In contrast to RT, in people, serum, IGF‐1 concentrations rapidly decrease after HPX. Normalization of GH and IGF‐1 is used to assess biochemical control of acromegaly and acts as a predictor of long‐term survival postsurgery.30 Markers of collagen synthesis, including PIIINP, and IGF‐1 also have been shown to improve after successful medical management of acromegaly in humans with the GH receptor antagonist pegvisomant.22 The same would be expected with other treatment modalities, including HPX. This improvement was encountered in the HSDM cats that underwent HPX in our study, where both IGF‐1 and PIIINP concentrations decreased significantly in 12 of 16 cats. Alternative explanations for the increase in PIIINP post‐HPX in 4 of the 16 cats include the effect of surgical trauma and collagen formation from healing soft tissue and scar formation. These 4 cats had follow‐up samples taken 1, 3, and 13 months post‐treatment, compared to a median of 5 months in those with decreased PIIINP concentrations (range, 1–10). In the human literature, serum PIIINP concentration has been shown to peak 2–3 weeks after orthopedic surgery and to remain increased for up to 60 days.49 In animal models, changes in serum PIIINP concentration mirror collagen formation also supporting this hypothesis.50 Despite the increase in PIIINP concentration, 3 of 4 of these cats no longer required insulin treatment at the time of assessment. Diabetic remission was common among the HPX group with 12 of 16 cats not requiring insulin treatment post‐HPX, compared to all 5 RT cats requiring insulin post‐RT.

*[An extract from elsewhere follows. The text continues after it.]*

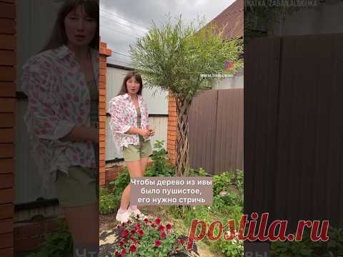 На изображении женщина стоит в саду рядом с деревом. Она одета в рубашку с цветочным принтом и короткие шорты. Вокруг неё видны кусты и цветы. На заднем плане расположены дом и забор. Изображение похоже на кадр из какого-то видеоролика с текстом на русском языке.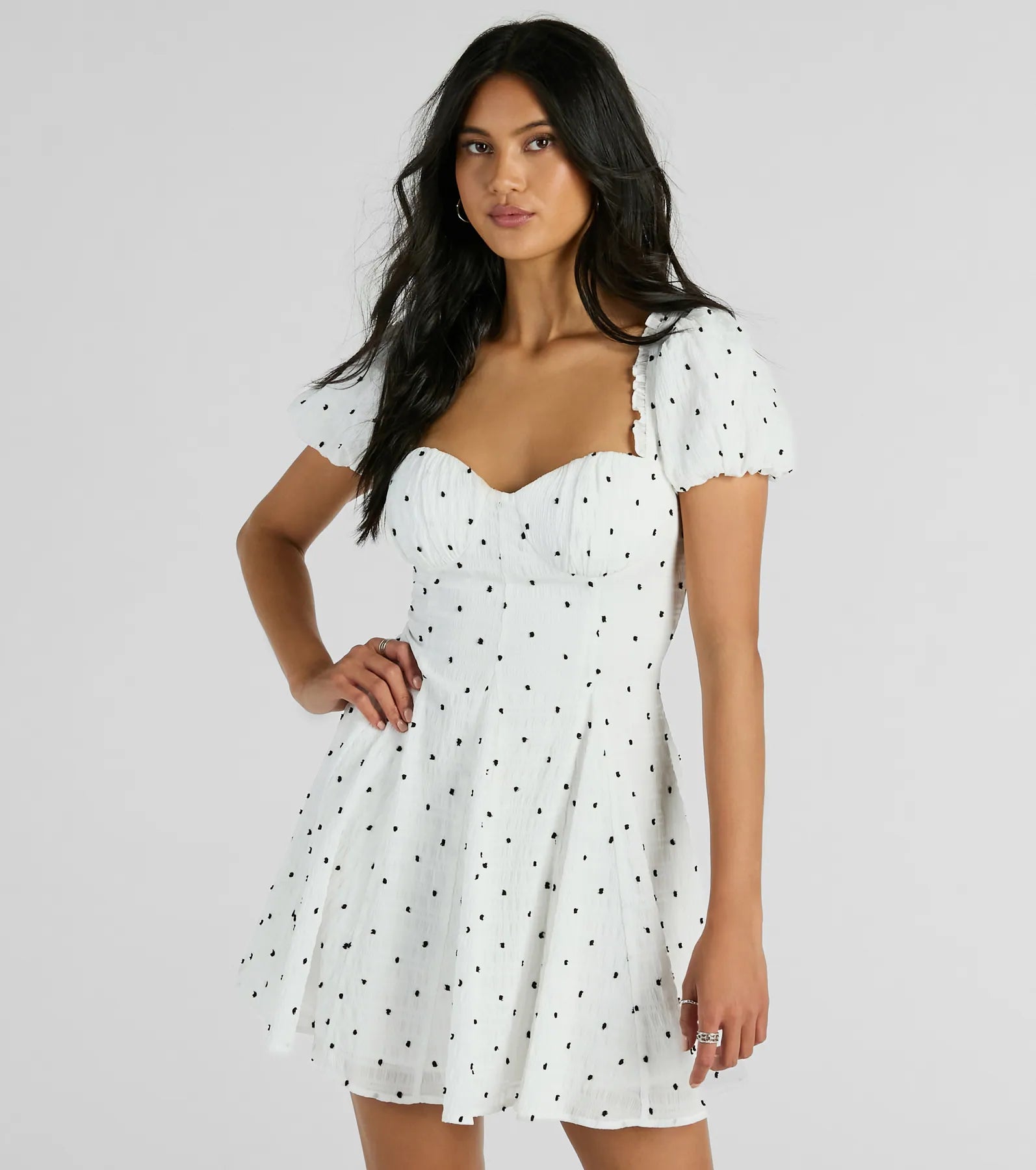 Envoke a charmed and cute style in this polka dot skater dress perfect for showers or graduates! Show off your curves with the sweetheart neckline and skater silhouette. while adding a touch of cuteness with the short puff sleeves. The tie-back adds a flirty detail and the short-length hem is perfect styling with trendy for a casual vibe.

It is not known how some medications would affect serum PIIINP concentrations in cats. This consideration could be relevant because all HPX cats received hormone replacement after pituitary gland removal, which included 2.5 mg hydrocortisone q24h,5 , 5 0.1 mg levothyroxine q24h,51 , 5 and a decreasing amount of synthetic antidiuretic hormone (desmopressin acetate, q8h initially, then tapered)5. The effect of these drugs on serum PIIINP concentrations is unknown, but all are used for physiologic replacement of lost endogenous hormone function.

In conclusion, serum PIIINP concentrations are significantly increased in cats with HSDM compared to those with DM, likely indicating increased soft tissue turnover. The potential for serum PIIINP concentration as an additional diagnostic biomarker for HS in cats should be further evaluated. In addition, serum PIIINP concentration appears to decrease after HPX.